Much of the coverage regarding Britain's housing crisis has concentrated on the misery our over reliance on the private rental sector has inflicted on young people seeking to buy their first house. It's valid, but the sector takes a greater toll on those families who end up in its clutches.

For an illustration of this, listen to Paul Smith's story. He's 44, and he works in IT. Back in 2006 Paul was living in Malta with his wife and two children, then aged eight and six. They owned a house on the island, and decided it was time to move back to England. They put their house on the market; due to the discrepancy in property value, it only raised them about £30,000.

The family had no prior banking history in the UK, so they struggled to secure a mortgage. They put up a £7,000 deposit to rent a house in Bracknell. The house was fine, but Paul wanted more security for his family – he wanted them to go some way to having assured tenancy. Upon moving, the owners of the house, a private rental firm, hit Paul and his family with a bill for £1,500 due to alleged damage to the furniture.

(Your correspondent has actually been done over by a similar scheme when renting many years back – the owners of the house I was renting had called in a dodgy survey company to inspect the house at the start and end of my tenancy; being young and naive I'd not had a survey of my own done, so it seemed better to reach a settlement rather than fight it in the small claims court, much as I wanted to.)

The family moved to a run-down cottage in Ironbridge. After two years there, they were told the landlord wanted the place back. The landlord, who was registered through the local council, hit them with a bill for £600, despite the fact that the local council's environmental health team had helped them move (the place even had damp rot around the electrical sockets). The council claimed Paul would be able to get the £600 back: in fact, he was awarded £70 in compensation. For the third time in two years, the family moved – this time to a much more pleasant house in Telford. It was far better, but at the start of 2008 the family were offered a place with the housing association in Ludlow. They snapped it up, despite the fact that Paul had now lost his job in the financial crisis and work would be harder to find there.

The trouble was that the stress of constantly moving, coupled with the ebbing away of their financial situation (their savings were gradually eaten away by the costs of high rents and constant moves) had taken an unbearable toll on Paul's marriage.

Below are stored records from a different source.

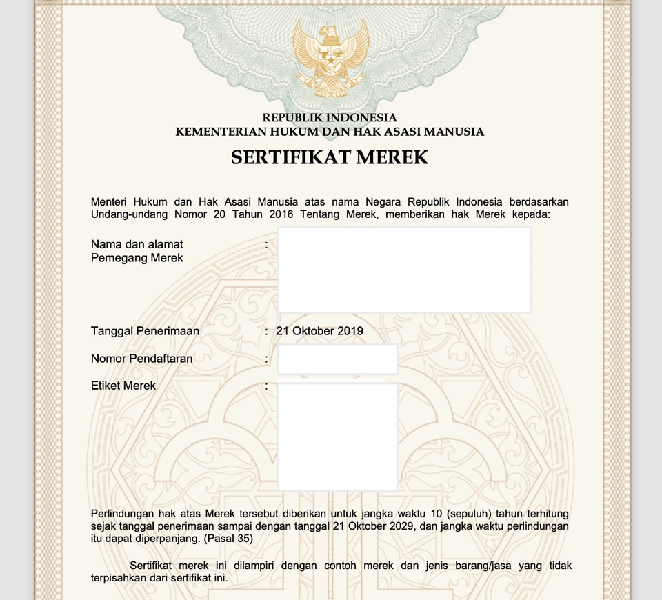 Rp2,9 jtKonsultasi dan rekomendasi pemilihan kelas Merek Persiapan dan pengajuan dokumen pendaftaran Pendampingan hingga penerbitan sertifikat merek Sudah termasuk Biaya Pendaftaran Merek / PNBP Rp. 1.800.000
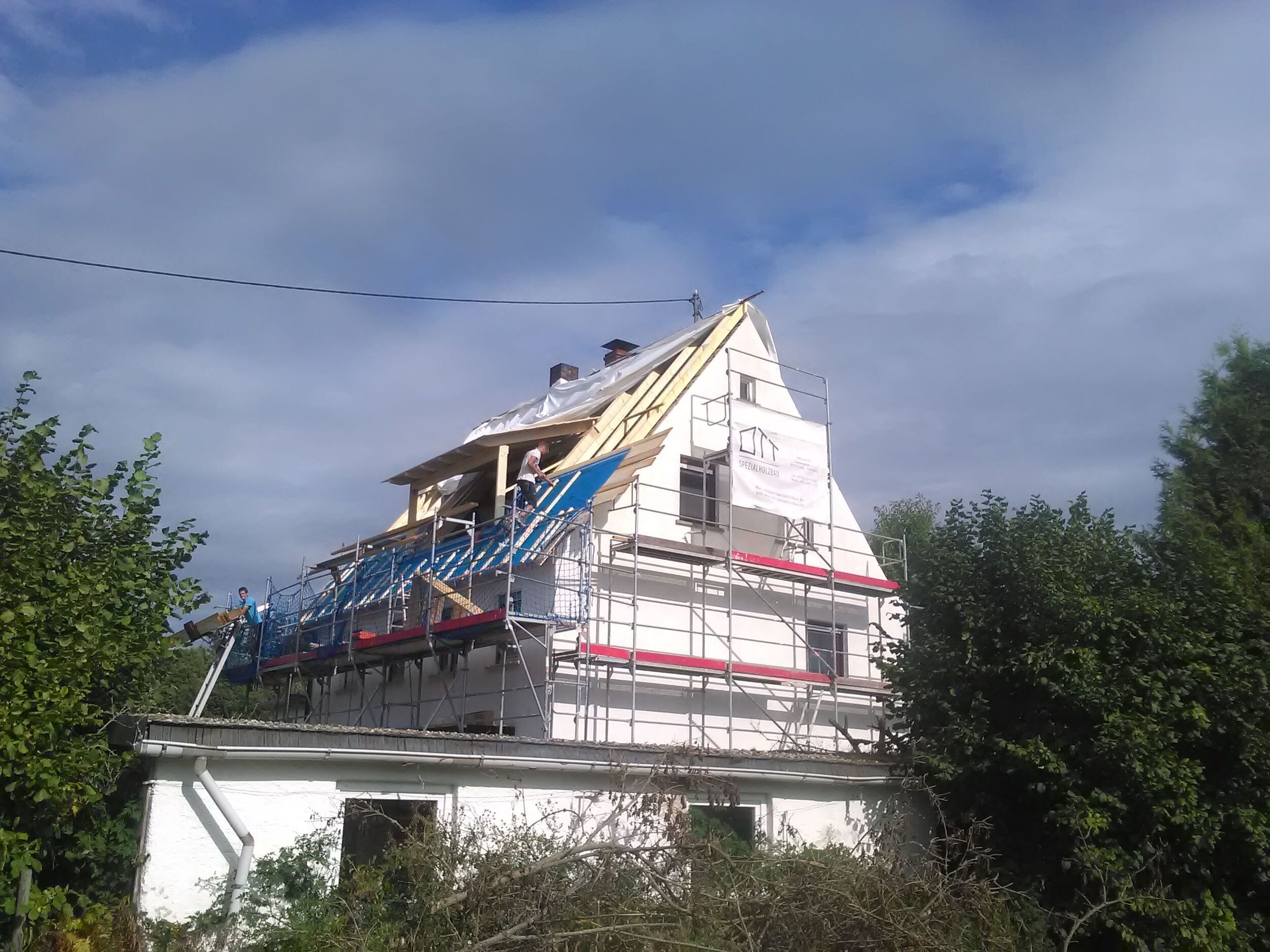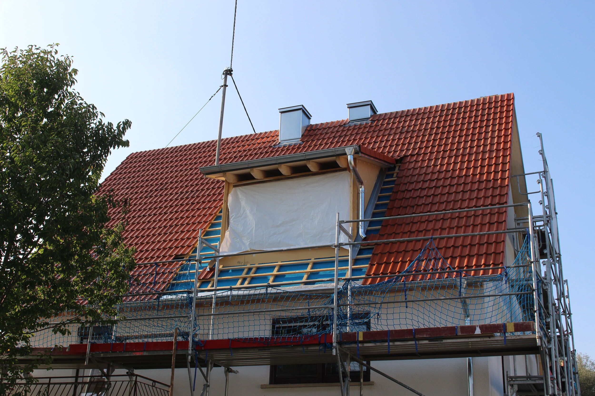 Hier wurde ein Einfamilienhausdach saniert, von der Aufdoppelung der Bestandssparren über die Wärmedämmung mit Cellulose bis hin zu zwei neuen Dachgauben für die Gewinnung an Wohnraum.
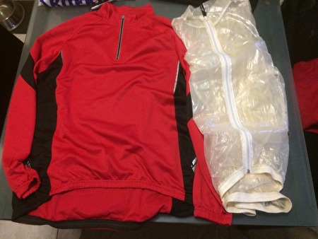 koerspak, koerstruitjes, koersbroeken lang/kort, been & arm stukken, thermisch- & regenjas, schoenen spd maat 43 - 44
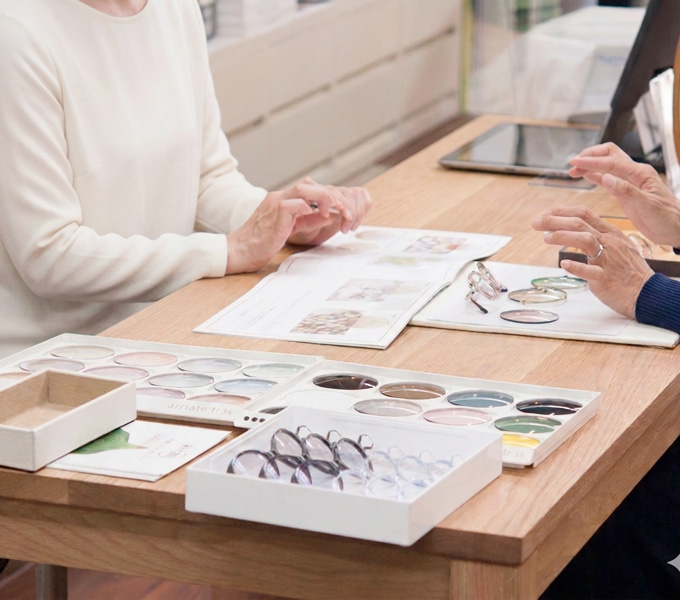 フレームカラーに合わせたカラーレンズのご提案はもちろん、お客様に似合うカラーのご提案もさせていただいております。
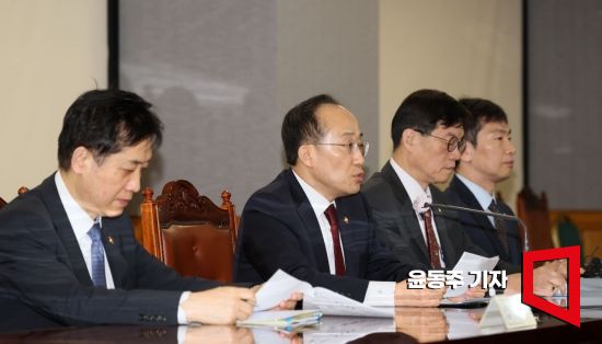 추경호 경제부총리가 23일 서울 중구 은행회관에서 열린 '비상거시경제금융회의'에 참석, 모두발언을 하고 있다. 이날 회의에는 추 부총리를 비롯해 이창용 한국은행 총재, 김주현 금융위원장, 이복현 금감원장이 참석했다. 사진=윤동주 기자 doso7@
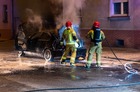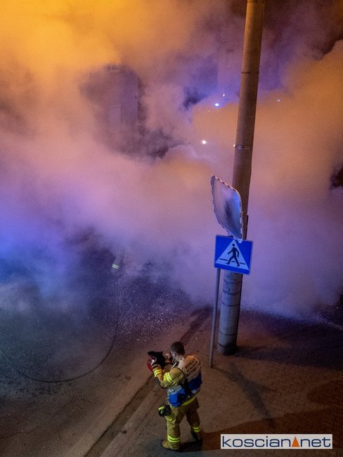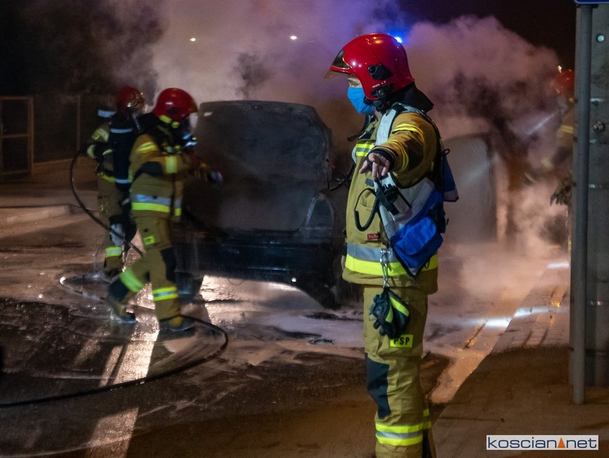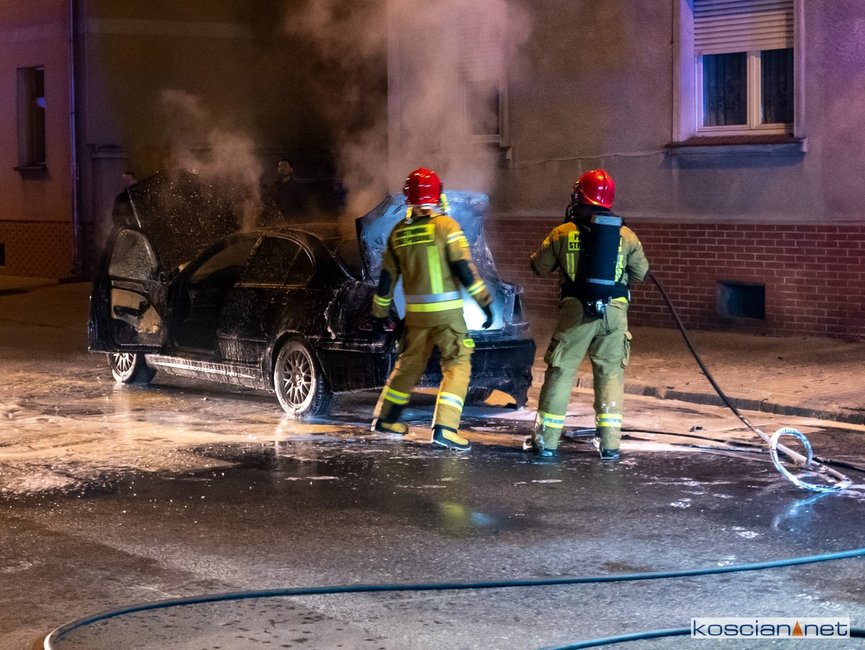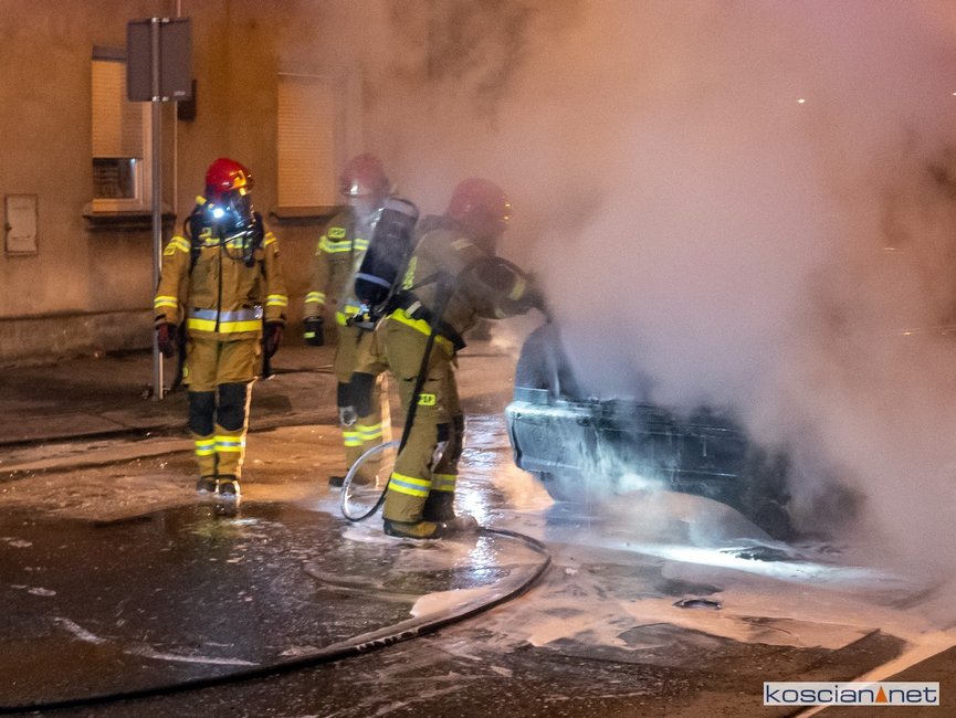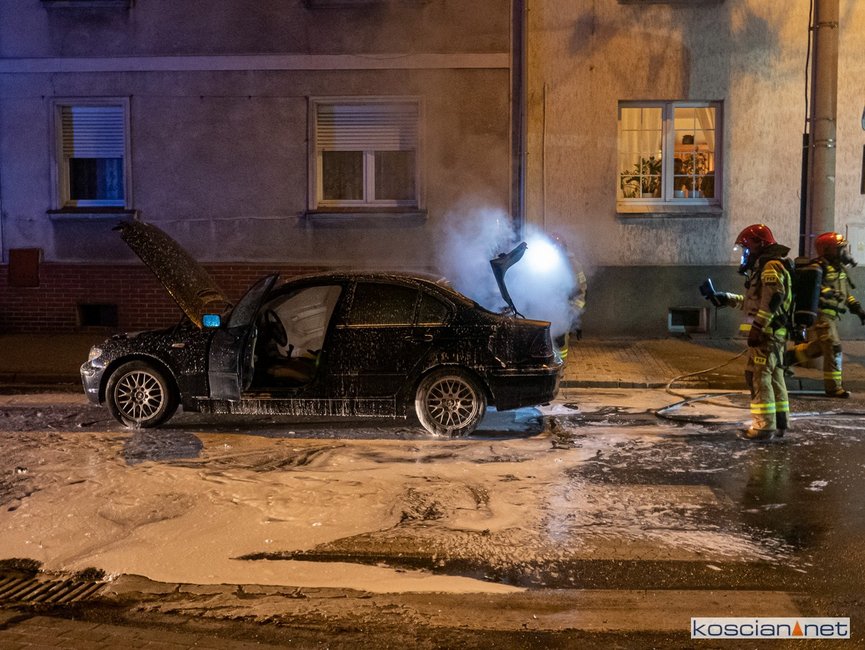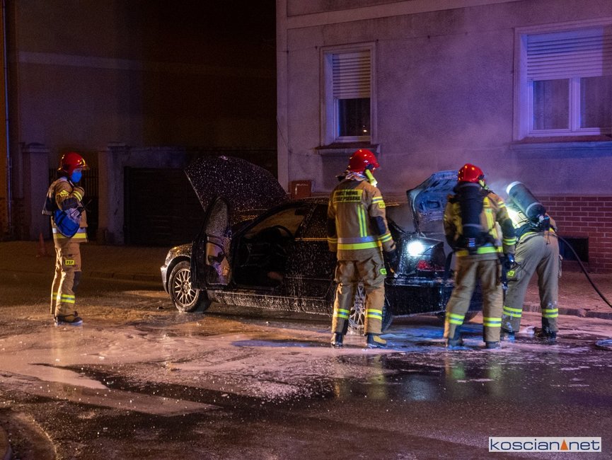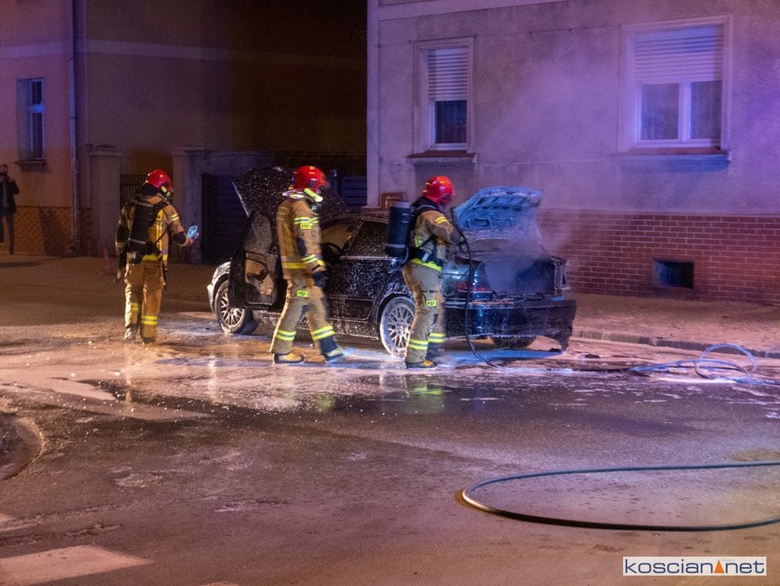 Jadący ulicą Marcinkowskiego w Kościanie samochód stanął w ogniu.
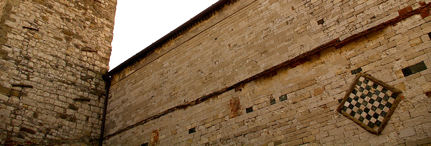 E’ documentata dal 984. La facciata con un profilo a capanna, nasconde la divisione interna in tre navate. Insolite le decorazioni esterne, la “scacchiera” sul lato sinistro e la lunetta, in marmo verde con croce in alberese, sopra il portale di accesso, incorniciato da stipiti scanalati.

He and his wife split up last September.

"It was worse for the children," he tells me. "Every move involved finding them a new school, but they struggled to make friends before being dragged away to a new place. They never felt stable. It had a profound effect on my family."

Renting is the new normal. Over the last fifteen years, the number of people who rent their home from a landlord has almost doubled to 8.5 million people, and nearly a third of renters are members of families with children. Typically, these people are on contracts of 12 months or fewer. Paul's family were among the 67 per cent of families in the private rental sector who moved house in the last three years. Last year 310,000 out of 1,017,000 families with children in the sector moved: a shocking 30 per cent of all families. In comparison, 122,000 out of 3,863,000 families with children who own their home moved house last year: just three per cent.

Paul's situation was hardly unusual: as the charity Shelter has revealed, almost half of people who are renting privately say that housing costs are causing stress and depression in their family – a higher rate than any other group. The children of these families are not just suffering because of the constant upheaval - they're suffering because of the effect of parents who are poorer (the charity has also shown showed that 38 per cent of families with children who are renting privately have cut down on buying food to pay their rent), and more prone to arguing.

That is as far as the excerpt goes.